(SUPPLIED RECORDS begins)
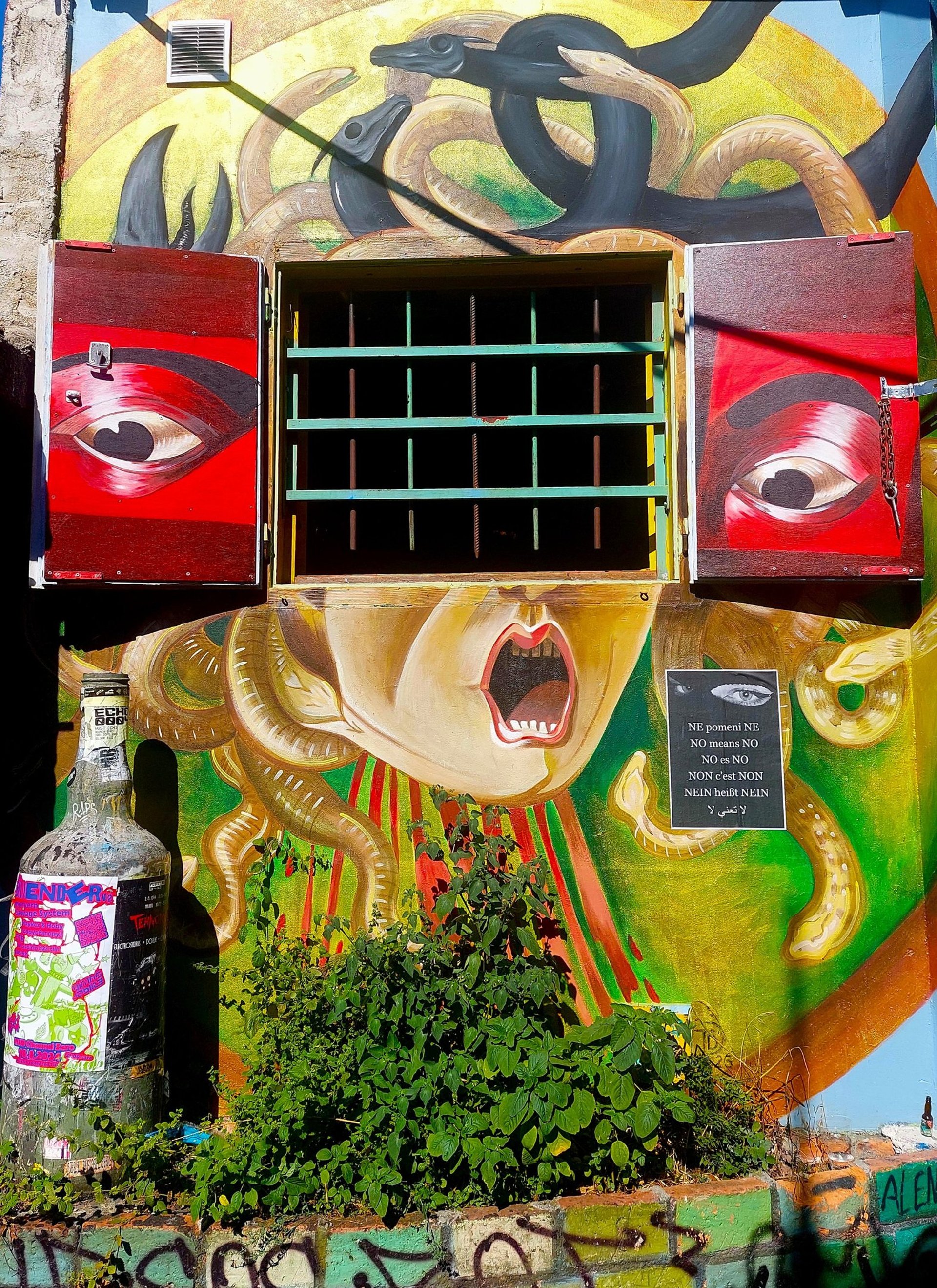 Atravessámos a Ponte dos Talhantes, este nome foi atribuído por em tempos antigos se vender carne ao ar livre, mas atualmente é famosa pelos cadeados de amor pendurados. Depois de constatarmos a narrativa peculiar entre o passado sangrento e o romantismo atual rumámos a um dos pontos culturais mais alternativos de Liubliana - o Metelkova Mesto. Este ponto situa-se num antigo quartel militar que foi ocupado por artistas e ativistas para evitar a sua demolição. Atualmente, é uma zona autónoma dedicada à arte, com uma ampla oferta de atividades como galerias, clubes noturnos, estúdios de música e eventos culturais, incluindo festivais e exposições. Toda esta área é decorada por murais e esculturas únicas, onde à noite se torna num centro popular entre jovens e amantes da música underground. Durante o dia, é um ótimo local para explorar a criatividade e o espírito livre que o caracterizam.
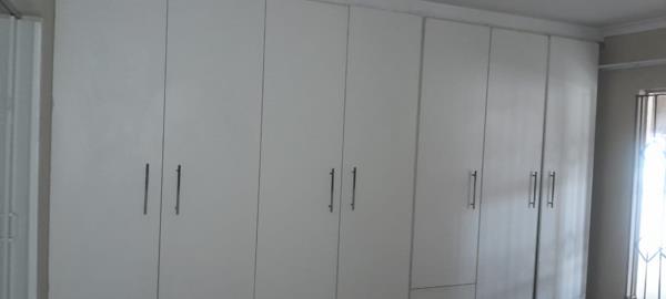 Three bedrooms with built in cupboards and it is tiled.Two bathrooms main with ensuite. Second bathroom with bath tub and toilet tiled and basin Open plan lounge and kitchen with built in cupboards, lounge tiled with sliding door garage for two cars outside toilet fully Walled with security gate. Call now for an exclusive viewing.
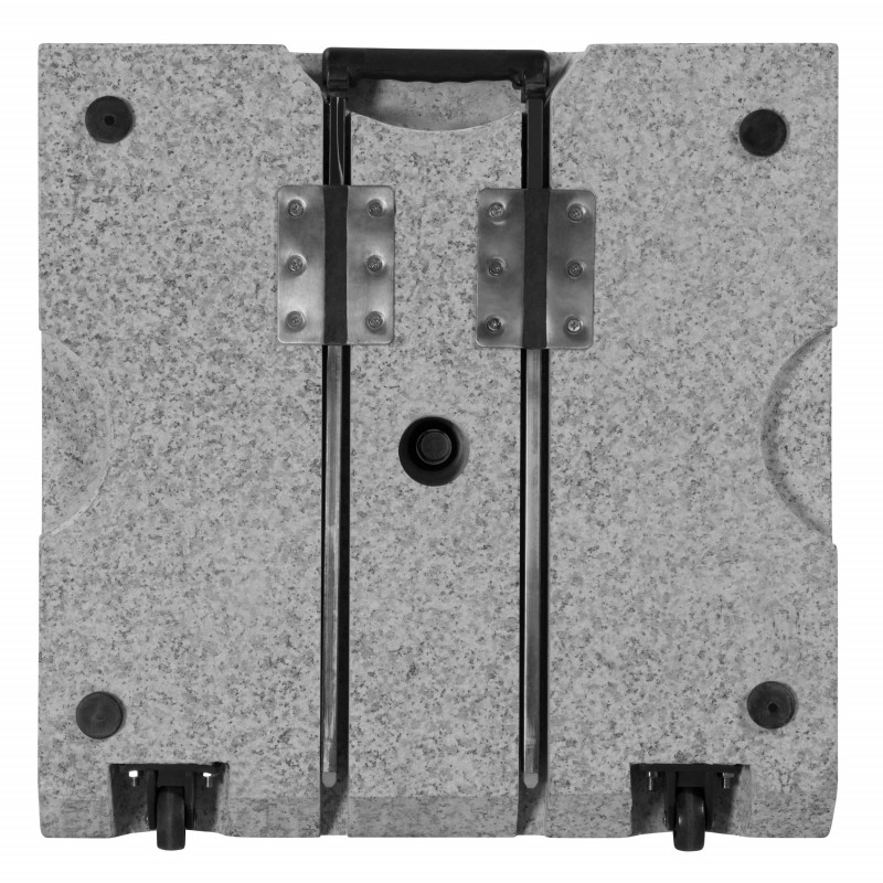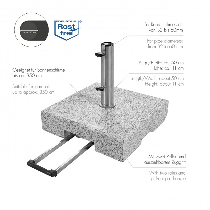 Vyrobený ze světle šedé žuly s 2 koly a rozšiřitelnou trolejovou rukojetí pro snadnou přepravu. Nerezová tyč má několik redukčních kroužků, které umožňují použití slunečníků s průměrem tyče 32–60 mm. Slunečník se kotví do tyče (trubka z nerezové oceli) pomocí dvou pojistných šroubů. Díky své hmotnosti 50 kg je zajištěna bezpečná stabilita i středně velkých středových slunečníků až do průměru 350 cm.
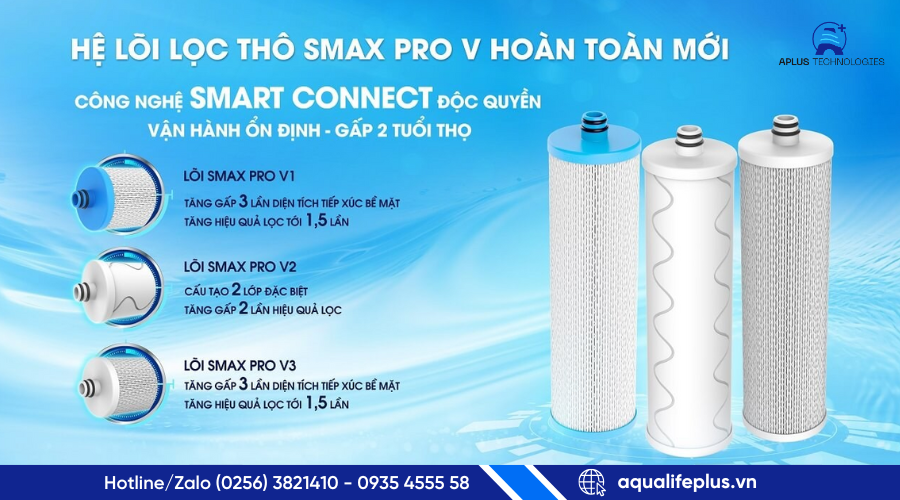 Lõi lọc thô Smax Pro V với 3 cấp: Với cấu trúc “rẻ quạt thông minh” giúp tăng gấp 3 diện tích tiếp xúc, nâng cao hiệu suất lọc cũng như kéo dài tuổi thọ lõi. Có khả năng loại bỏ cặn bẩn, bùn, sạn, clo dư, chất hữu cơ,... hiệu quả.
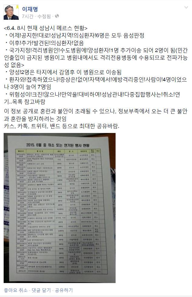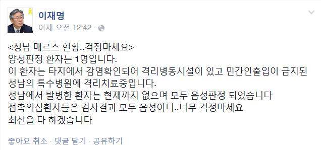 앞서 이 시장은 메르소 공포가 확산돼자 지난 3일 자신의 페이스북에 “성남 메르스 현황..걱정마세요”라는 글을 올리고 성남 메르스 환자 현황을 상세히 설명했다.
(SUPPLIED RECORDS ends)
= WHAT TO WORK ON =
None of the pictures should be carried over when the data above is transcribed exactly.

= REPLY =
 Atravessámos a Ponte dos Talhantes, este nome foi atribuído por em tempos antigos se vender carne ao ar livre, mas atualmente é famosa pelos cadeados de amor pendurados. Depois de constatarmos a narrativa peculiar entre o passado sangrento e o romantismo atual rumámos a um dos pontos culturais mais alternativos de Liubliana - o Metelkova Mesto. Este ponto situa-se num antigo quartel militar que foi ocupado por artistas e ativistas para evitar a sua demolição. Atualmente, é uma zona autónoma dedicada à arte, com uma ampla oferta de atividades como galerias, clubes noturnos, estúdios de música e eventos culturais, incluindo festivais e exposições. Toda esta área é decorada por murais e esculturas únicas, onde à noite se torna num centro popular entre jovens e amantes da música underground. Durante o dia, é um ótimo local para explorar a criatividade e o espírito livre que o caracterizam.
 Three bedrooms with built in cupboards and it is tiled.Two bathrooms main with ensuite. Second bathroom with bath tub and toilet tiled and basin Open plan lounge and kitchen with built in cupboards, lounge tiled with sliding door garage for two cars outside toilet fully Walled with security gate. Call now for an exclusive viewing.
 Vyrobený ze světle šedé žuly s 2 koly a rozšiřitelnou trolejovou rukojetí pro snadnou přepravu. Nerezová tyč má několik redukčních kroužků, které umožňují použití slunečníků s průměrem tyče 32–60 mm. Slunečník se kotví do tyče (trubka z nerezové oceli) pomocí dvou pojistných šroubů. Díky své hmotnosti 50 kg je zajištěna bezpečná stabilita i středně velkých středových slunečníků až do průměru 350 cm.
 Lõi lọc thô Smax Pro V với 3 cấp: Với cấu trúc “rẻ quạt thông minh” giúp tăng gấp 3 diện tích tiếp xúc, nâng cao hiệu suất lọc cũng như kéo dài tuổi thọ lõi. Có khả năng loại bỏ cặn bẩn, bùn, sạn, clo dư, chất hữu cơ,... hiệu quả.
 앞서 이 시장은 메르소 공포가 확산돼자 지난 3일 자신의 페이스북에 “성남 메르스 현황..걱정마세요”라는 글을 올리고 성남 메르스 환자 현황을 상세히 설명했다.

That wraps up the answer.